An article in a journal with continuous pagination:
7. Jerry Varsava, "Calvino's Combative Aesthetics: Theory and Practice," Review of Contemporary Fiction 6 (1986): 17.

  • If vol. and issue number is given for a journal, no month or season is necessary.


A website:
8. Royall Tyler, “Translating The Tale of Genji,” Japan Association of Translators (2003), (accessed September 15, 2004).

To include the original date of publication:
9. Antoine de Rivarol, Discours de l’universalité de la langue française (Paris: Obsidiane, 1991 [1784]), 39.
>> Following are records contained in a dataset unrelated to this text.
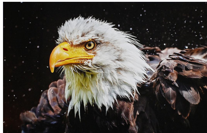
2. Platz (53 Punkte) Christel Trica (FOTO-Klub JENA '78) "Frisch geschmückt"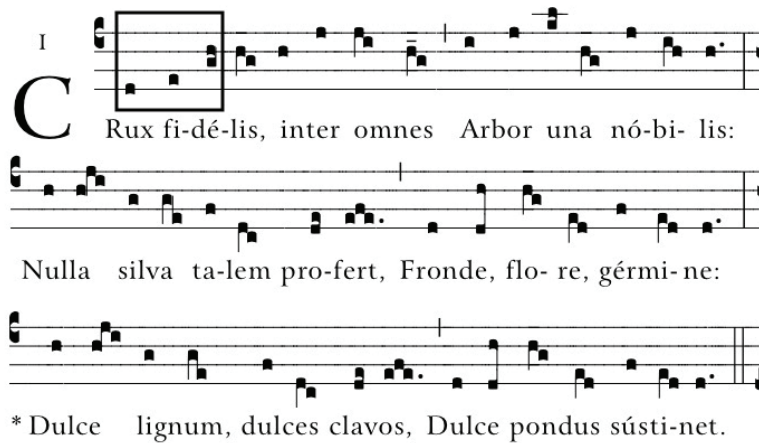
<예 2> 그레고리안 성가 《신앙의 십자가》(Cruce Fidelis) 5)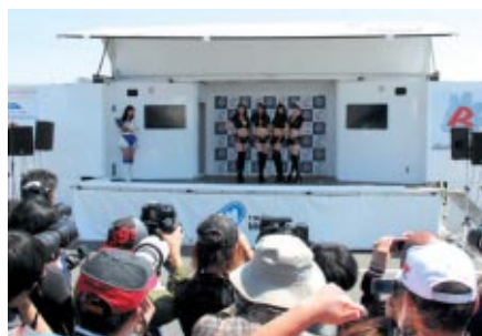
スーパー耐久公式ステージで華やかに開催された「ギャルオンステージ」がレースに華を添えました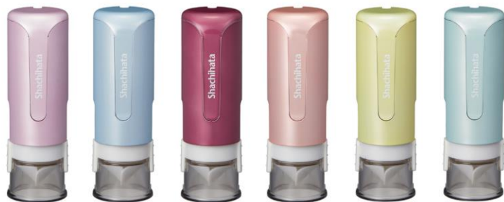
バイオレットフイズ ブルーレディ カシスソーダ ロゼピンク シャルドネゴールド モヒートブルー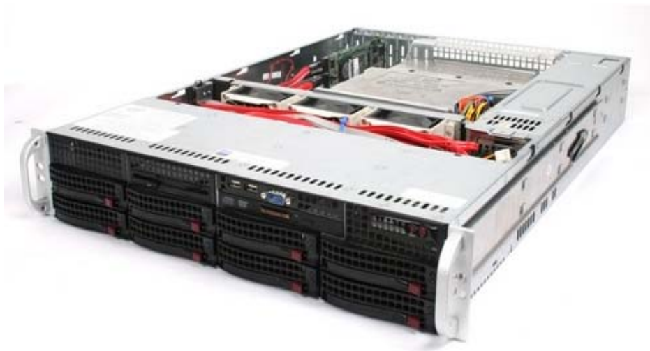
高性能服务器式系统实物图（1）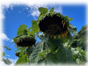
直径 25cmの大輪の花が咲きました！

名立区住民福祉会と社会福祉協議会名立支所と共同で、「つくしひまわり」にっこりプロジェクト」に参加し、約9kgの種が採れ、先日、つくし工房（障がいをお持ちの方が一般就労に向けて必要な技術や知識を習得する施設）にお届けしました。こうして集められた種はつくし工房でひまわりオイルになり、お菓子の製造や食用油として活用されます。 ご協力ありがとうございました。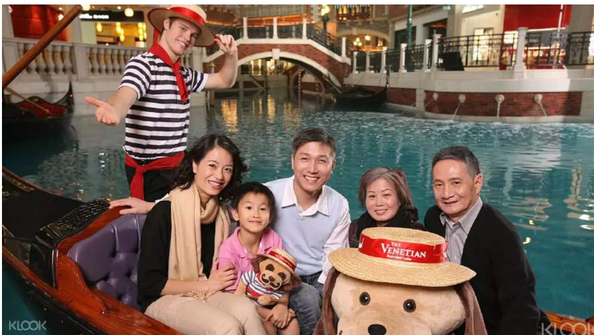
Gondola ala Venice di The Venetian Macau | Image credit: Klook

Di Macau, kamu bisa mengunjungi beragam objek wisata peninggalan bersejarah Portugis seperti Ruins of St. Paul's, Senado Square dan Benteng Guia. Selama berada di kota yang dijuluki sebagai "Las Vegas-nya Asia" ini, sempatkan juga untuk mengunjungi kasino dan pusat hiburannya yang terkenal.

Dual original language/English citations:
10. Pascale Casanova, La république mondiale des lettres, rev. ed. (Paris: Seuil, 2008), 28/Pascale Casanova, The World Republic of Letters, trans. M. B. DeBevoise (Cambridge, MA: Harvard University Press, 2004), 10.

  • In general, use the original title rather than the English title in discussions of titles not published in English.


Spelling and Capitalization

The UP has various guidelines for the spelling and capitalization of a whole range of words/phrases. What follows are particular words/phrases, and the UP’s guidelines for their spelling and/or capitalization. When using any of these you must utilize the following format:

A: afterward, Anglophone, anti-semitic, arabophone, Asian American.

B: backward, biblical

C: catalog, Christianized, circumatlantic.

E: earth, East Asia.

F: façade, francophone.

G: German Jewish.  

M: midcentury, mid-eighteenth century.

N: naïve, naiveté, New Historicism, New World, Neoplatonic.

O: occidental/ism, oriental/ism.

P: panatlantic, post-totalitarian, post-traumatic, preexisting, Providence.

Q: Qur’an

R: romantic (to refer to the period), Ruist.

S: sinophone, Southeast Asia.

T: toward, transatlantic.

U: United States (n), U.S. (adj).

W: website, well-being (n).


*In addition to these style specifications, please make sure your submission conforms to the Council of Editors of Learned Journals (CELJ) general guidelines.